I may have dozed off for a second while thinking about self-care and how important it is.

That was a fun sentence to write. I hope you enjoyed reading it. Anyway, God's been really good to us. Philippians 1:6. I want to see him complete his work. On this trip, in this team/church/city/country. In my life. In the world. It's so exciting to think he'll be coming back. But it's also convicting. Will he be please with how i lived my life?

I had a low-key Schindler's List moment today (if you haven't seen it, watch it). I came to the end of the week and the time for sowing on campus in Monterrey for this trip is now over. Now we do follow-up and a service project and some fun stuff. But was it enough? Did i leave it all out on the track? Could i have talked to more people? Could i have been more bold and shared the gospel with more of the people i did talk to?

One of my biggest fears is coming to the end of my life and feeling that way (watch the movie, yo). To realize that i lived for the petty things, the silly things, the things that did not matter. One of my greatest fears is that i will waste my life. What about you? Do you ever feel that?
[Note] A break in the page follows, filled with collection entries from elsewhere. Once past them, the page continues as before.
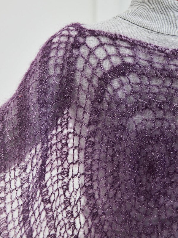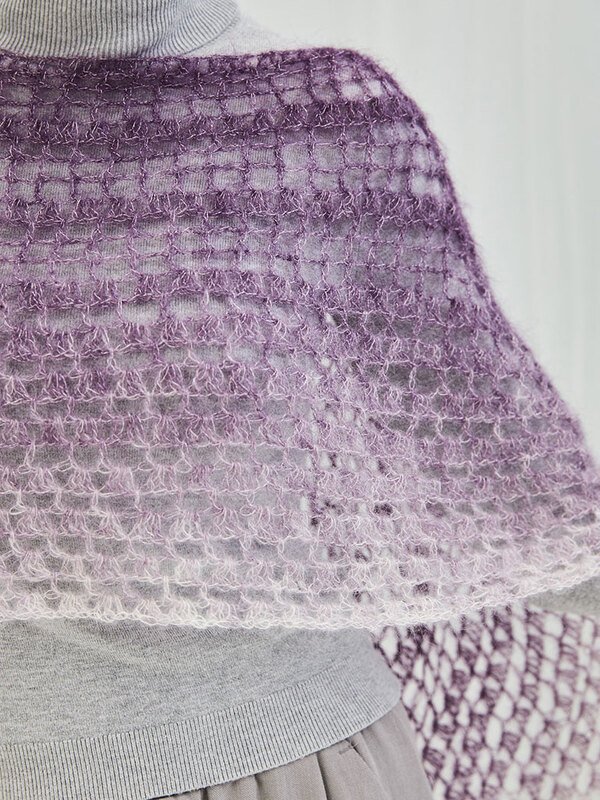 Dieser hier ist aus der Woolly hugs LACE gehäkelt und ihr braucht nur eine einzige Kone für diesen hübschen Poncho. Durch das große Lochmuster bekommt ihr mit nur einer Kone einen sehr großen Poncho der weit über den Po reicht. Für dieses Beispiel wurde die Modefarbe Pflaume gewählt welches von Weiß nach Dunkel verläuft. Alle Konen haben den gleichen Farbverlauf so das ihr wirklich genau diesen Poncho nachhäkeln könnt.
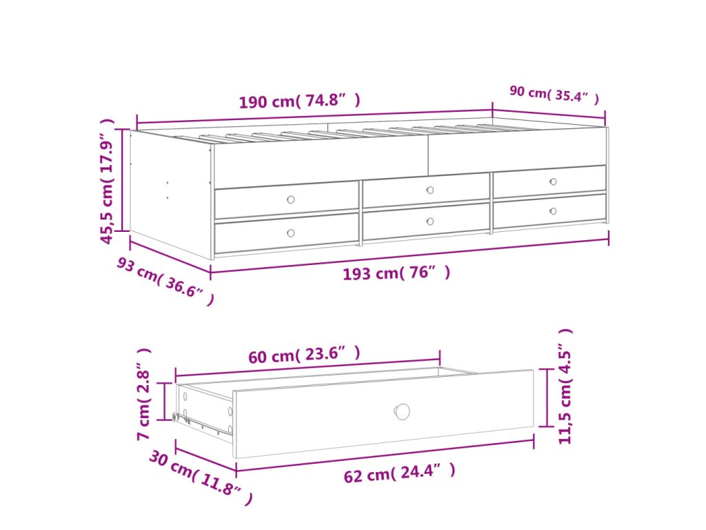 Válenda se zásuvkami bez matrace kouřový dub 90 x 190 cm 3280885
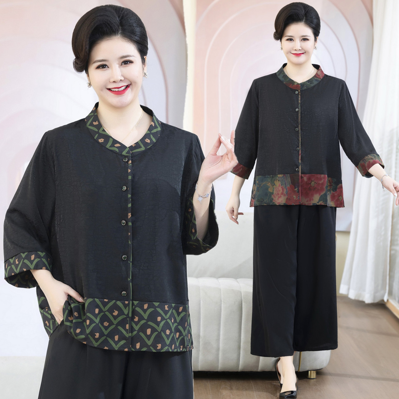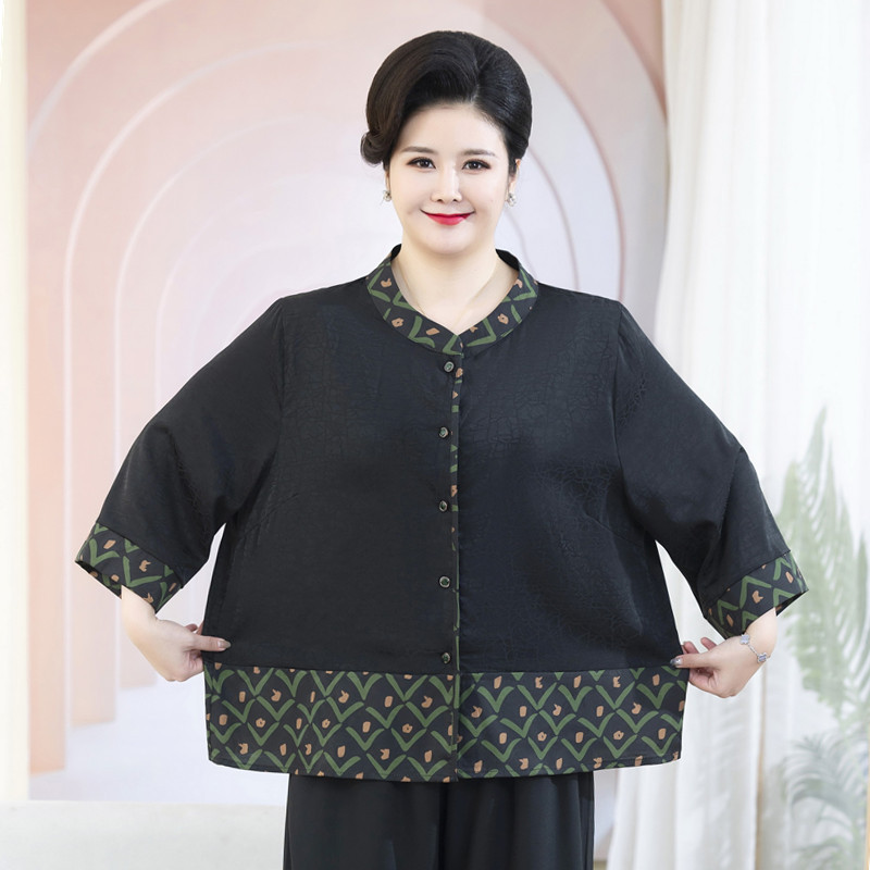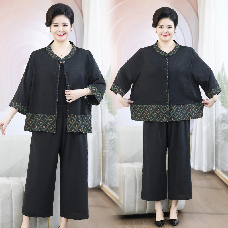 短袖 胖妈妈夏装 两件套 香云纱上衣加肥大码 开衫 套装 洋气中老年女装由

What things would you change if you were old and looking back at the Now version of you? 

Friday, March 17, 2017

Day 06: Spirit Fruits

Or: It's Always the Chains You Don't See that Slow You Down

Or: The Day with Spiritual-Sounding Titles that Are Not Spiritual

A whole day should be enough to let the heat die down, yes? That's what we thought, too...

So we braved the Tec.

We rolled up in our Evange-Van and walked to the gate. Mario, the king of casual, talked to the guard...
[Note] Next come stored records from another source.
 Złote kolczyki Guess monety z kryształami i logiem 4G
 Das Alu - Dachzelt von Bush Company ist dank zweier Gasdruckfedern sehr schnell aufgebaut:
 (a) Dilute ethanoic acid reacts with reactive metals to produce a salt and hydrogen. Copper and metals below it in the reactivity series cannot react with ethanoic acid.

and they let us in, no problem, we were right. Well, that was a dramatic buildup for nothing, Sam.

Today was kind of a homegroup day. Matthew and Evan went together, Scott and Riley went together and Travis and i went together. Nothing super dramatic from today, but good stuff, Travis and i had a good conversation, but he split before we could get too deep. Then we ran into Santiago, whose number Monica and i had gotten, but he had entered it wrong in her phone, so we though contact with him was lost (but God's all about seeking the lost, sooo 😉). Then we wandered into a Buddhist meditation center and prayed against misleading spirituality for a while inside of it. Lunch was chill, we talked about what our spirit fruits* were. Afterwards, Travis and i ran into Raul, who certainly strikes me as a person of peace, but he got sick last night and couldn't come to the homegroup we had (spiritual warfare or God's timing? maybe both. Pray for Raul y'all). We spent virtually the whole afternoon talking to him. It was dope (also, the playlist his student group had going was literal perfection. It was like going on a roadtrip where Katelyn Humphrey is your DJ. Do it sometime).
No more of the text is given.